# Statistical Analysis
This notebook can be used to analyse the results from the tracking algorithm (see [4b_segment_and_track_points_with_kalman_alignment](4b_segment_and_track_points_with_kalman_alignment.ipynb)). First, you specify which videos to consider and place them in groups to compare. The notebook runs welch t-tests to compare the velocity measurements, average velocity per path and average velocity per video.
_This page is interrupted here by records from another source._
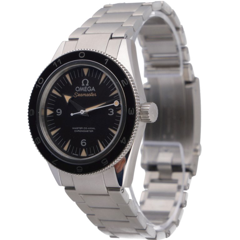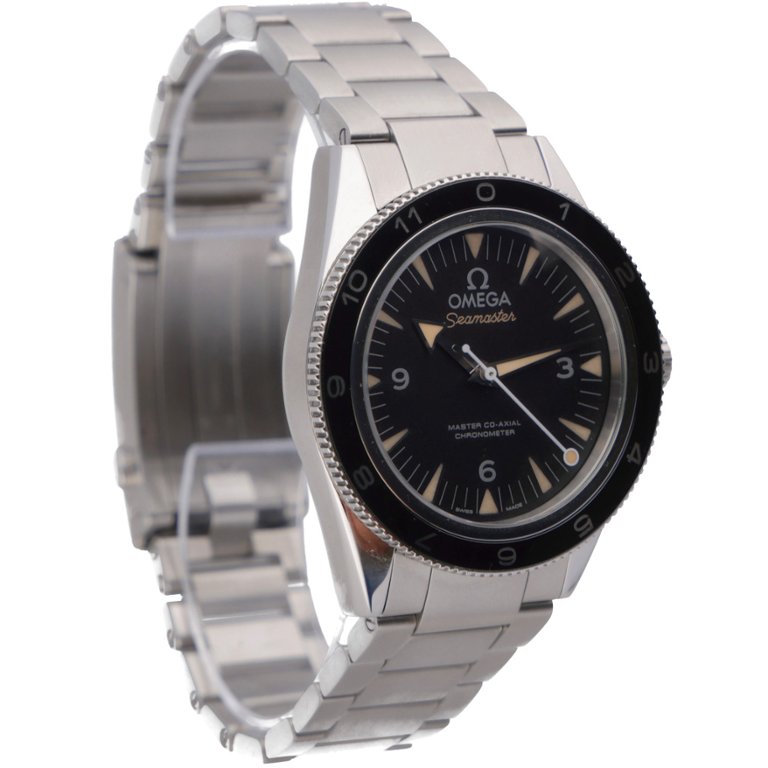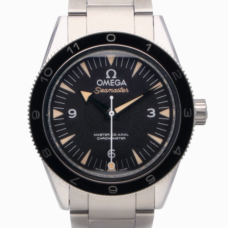 An Omega Seamaster Limited Edition reference 233.32.41.21.01.001, presented in stainless steel with a 41mm case and a striking black ceramic bezel paired with a matching black dial. Designed with strong vintage inspiration, this model features aged luminous hour markers, broad arrow hands, and a clean, symmetrical layout that pays tribute to Omega’s historic dive watches while maintaining a distinctly modern execution.
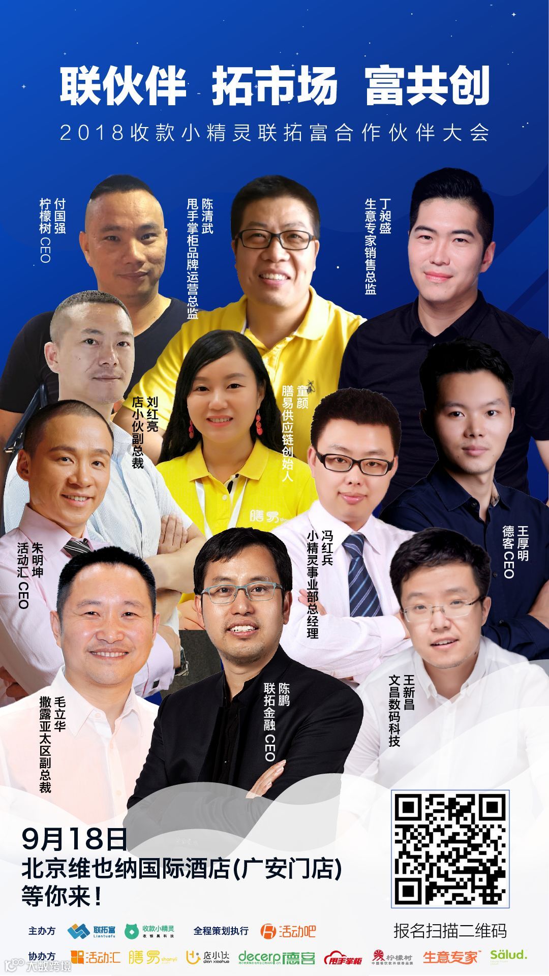 9月18日,“联伙伴、拓市场、富共创——2018收款小精灵联拓富合作伙伴大会”分享对于移动支付下半场服务生态的思考和产品布局,携手联拓富生态合作伙伴,帮助支付服务商深耕移动支付场景,赋能线下商业。
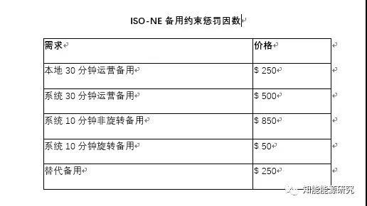 當(dāng)在電能和備用之間需要進(jìn)行取舍時(shí),ISO-NE為創(chuàng)造備用而產(chǎn)生的最大重新調(diào)度成本將限制于備用約束懲罰因數(shù),見下面表。備用約束懲罰因數(shù)也代表了一個(gè)價(jià)格上限,即當(dāng)實(shí)際備用不足時(shí)ISO-NE的支付額。
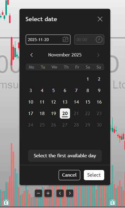 'Select the first available date'를 누르시면 리플레이 재생이 가능한 첫번째 캔들로 이동되는데요,

Finally, it generates boxplots that show the measurements in the videos.

Note that the data first have to be processed in 3b

The data and pipeline version of this notebook are the commit {insert commit hash here}.
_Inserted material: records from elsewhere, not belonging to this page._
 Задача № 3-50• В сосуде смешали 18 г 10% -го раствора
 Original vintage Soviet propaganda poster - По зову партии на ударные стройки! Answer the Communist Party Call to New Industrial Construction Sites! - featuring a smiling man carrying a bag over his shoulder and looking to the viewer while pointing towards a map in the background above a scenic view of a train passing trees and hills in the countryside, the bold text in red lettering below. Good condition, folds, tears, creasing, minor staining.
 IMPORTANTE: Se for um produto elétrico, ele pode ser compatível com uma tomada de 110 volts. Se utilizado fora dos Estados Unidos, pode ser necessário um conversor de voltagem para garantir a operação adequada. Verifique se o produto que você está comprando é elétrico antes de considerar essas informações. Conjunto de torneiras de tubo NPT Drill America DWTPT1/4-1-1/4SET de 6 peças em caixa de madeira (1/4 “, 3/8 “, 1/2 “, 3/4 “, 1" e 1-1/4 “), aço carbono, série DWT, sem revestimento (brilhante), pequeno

# Steps to be done before analysis:
Generate markers for every video with the notebook place_and_evaluate_markers.ipynb
Run segment_and_track_points_with_kalman_alignment.ipynb for every video

In [None]:
# Imports
from IPython import display
import os

import yaml
import numpy as np
import pandas as pd
from scipy.stats import ttest_ind
import matplotlib.pyplot as plt

from fam13a import utils

The videos that must be included in the analysis can be specified below. You can assign the videos to belong to one of the groups such that you can compare both groups against each other in the welch t-tests performed later in the notebook.

In [None]:
DATA_DIR = os.path.join(utils.here(True), 'data', 'processed', 'xenopus', 'statistics')
group_1_video_keys = ['15_L2_MO_late_1', '15_L2_MO_late_2', '15_L2_MO_late_3']
group_2_video_keys = ['C_MO_1', 'C_MO_2', 'C_MO_3']

In [None]:
def determine_category(video_id):
    if video_id in group_1_video_keys:
        return "Group 1"
    elif video_id in group_2_video_keys:
        return "Group 2"
    else:
        return "undefined"

# Results

In [None]:
df = pd.DataFrame(dict({"video_id": [], "path_id": [], "vel": []}))
video_keys = group_1_video_keys + group_2_video_keys
for VIDEO_ID in video_keys:
    yml_file = os.path.join(DATA_DIR, VIDEO_ID + ".yml")
    if os.path.exists(yml_file):
        with open(yml_file, "r") as f:
            result = yaml.load(f, Loader=yaml.SafeLoader)[0]
        for path_id in range(len(result['vel_per_path'])):
            df = df.append(pd.DataFrame(dict({"video_id": VIDEO_ID,
                                              "path_id": int(path_id)+1,
                                              "vel": result['vel_per_path'][path_id]})))
df["video_category"] = df["video_id"].apply(determine_category)

## Save results to CSV
The following lines of code store the results in a csv for further analysis in a different program. Note that only the union of the experiments listed in `group_1_video_keys` and `group_2_video_keys`are included. If you wish to include more experiments, you can just add them to these lists and ignore the group column in the CVS if this is then no longer meaningful.

In [None]:
filename = f"{DATA_DIR}{os.path.sep}xenopus_path_data.csv"
df.to_csv(filename, index = False)
print(f"Saved outputs to {filename}")

# t-test all individual velocity measurements
https://en.wikipedia.org/wiki/Welch%27s_t-test

In [None]:
test_result = ttest_ind(df.loc[df["video_category"]=="Group 1",]["vel"],
                        df.loc[df["video_category"]=="Group 2",]["vel"],
                        equal_var=False)
print(f"t-statistic: {test_result[0]}")
print(f"two sided p-value: {test_result[1]}")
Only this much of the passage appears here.